This is an interesting phenomenon. I’m finding myself melancholy about not being able to blog while we’re camping this weekend! Whaa! …Hey! Proof positive that once you do something every day for a month, it becomes a habit.
I’m mostly concerned about you, my dear four readers! What if you’re sad that I’m gone? What if you leave me?
~Frances Anne Kemble:
What shall I do with all the days and hours
That must be counted ere I see thy face?
How shall I charm the interval that lowers
Between this time and that sweet time of grace?

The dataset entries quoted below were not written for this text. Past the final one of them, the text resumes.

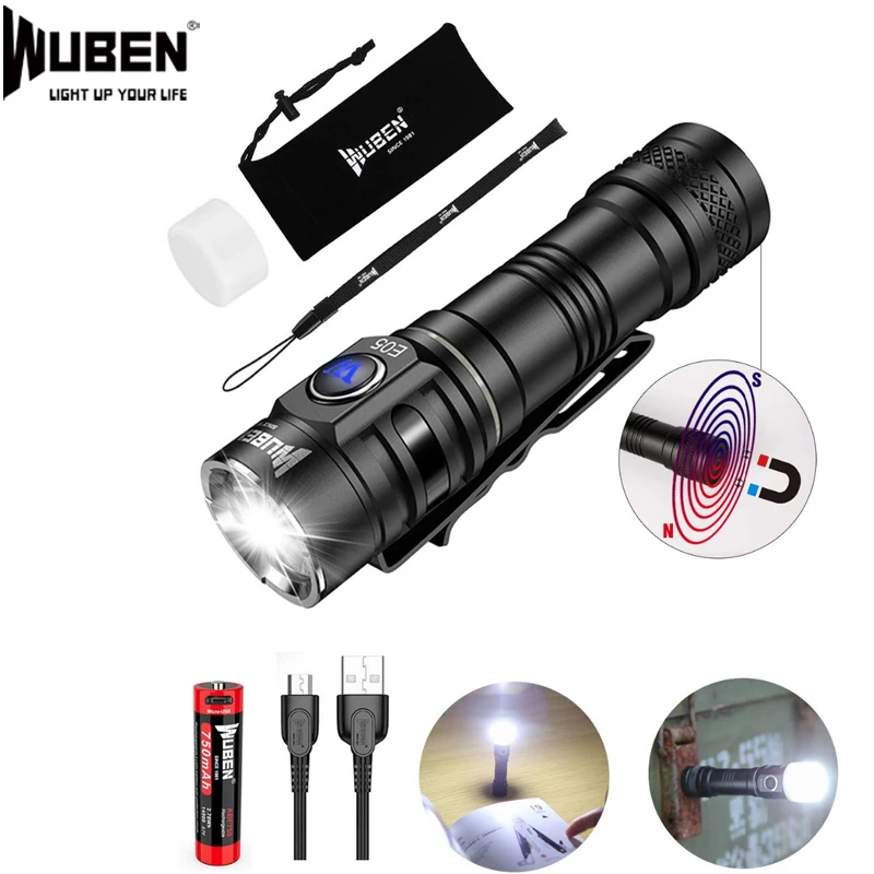 Светодиодный фонарик WUBEN E05, минисветильник рный, 900 люмен, USB, перезаряжаемый, водонепроницаемый мини-фонарик с батареей в комплекте, фонарик Магнитный свет
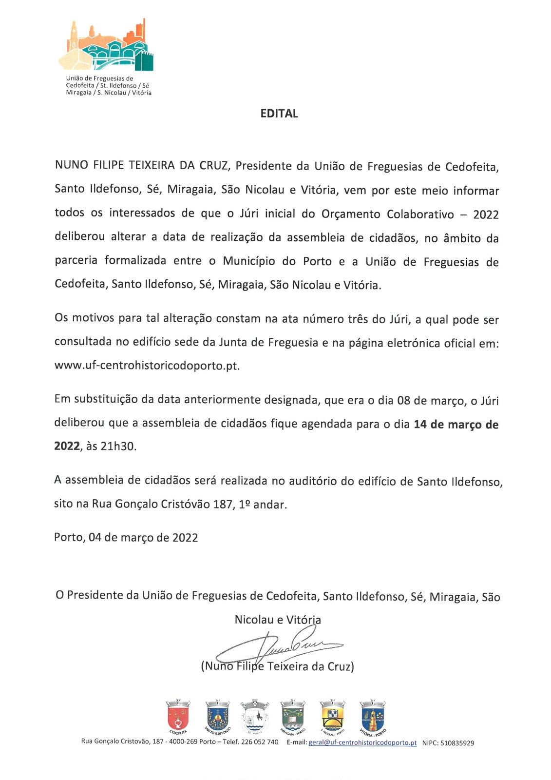 Em substiuição da data anteriormente designada, que era o dia 08 de março, o Júri deliberou que a assembleia de cidadãos fique agendada para o dia 14 de março de 2022, às 21h30, no auditório do edifício de Santo Ildefonso, sito na Rua Gonçalo Cristóvão, nº 187 - 1º andar.
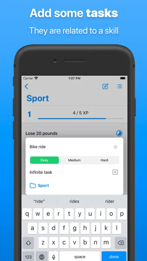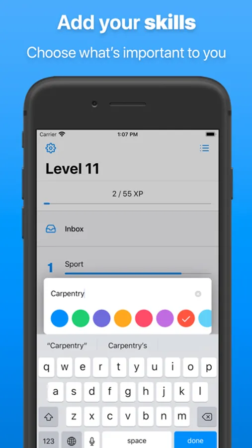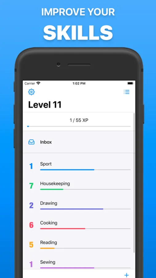 Just add the skills you love and their associated tasks. Each time you complete one of those tasks, your overall level and your skill’s level increase. You then have at all times a clear and motivating vision of the state of your skills.

The truth is I enjoy writing this blog. It’s a nice thing to do, something for me, really—after a day like today: very busy and stressful. In my past, this kind of day would have ended with some controlled substances. But Praise God, that’s been a long time ago. There is a devil, though: today I thought about it. >_<
Who has woe?
Who has sorrow?
Who has contentions?
Who has complaints?
Who has wounds without cause?
Who has redness of eyes?
Those who linger long at the wine,
Those who go in search of mixed wine.
Do not look on the wine when it is red,
When it sparkles in the cup,
When it swirls around smoothly;
At the last it bites like a serpent,
And stings like a viper.
So, I guess you could say this blog is part of how God is setting me apart from sin, like keeping me straight and sober. And don’t worry, Dear Four. Having been married to a fisherman nearly 30 years, I can assure you: absence makes the heart grow fonder. “See” you in a couple of days!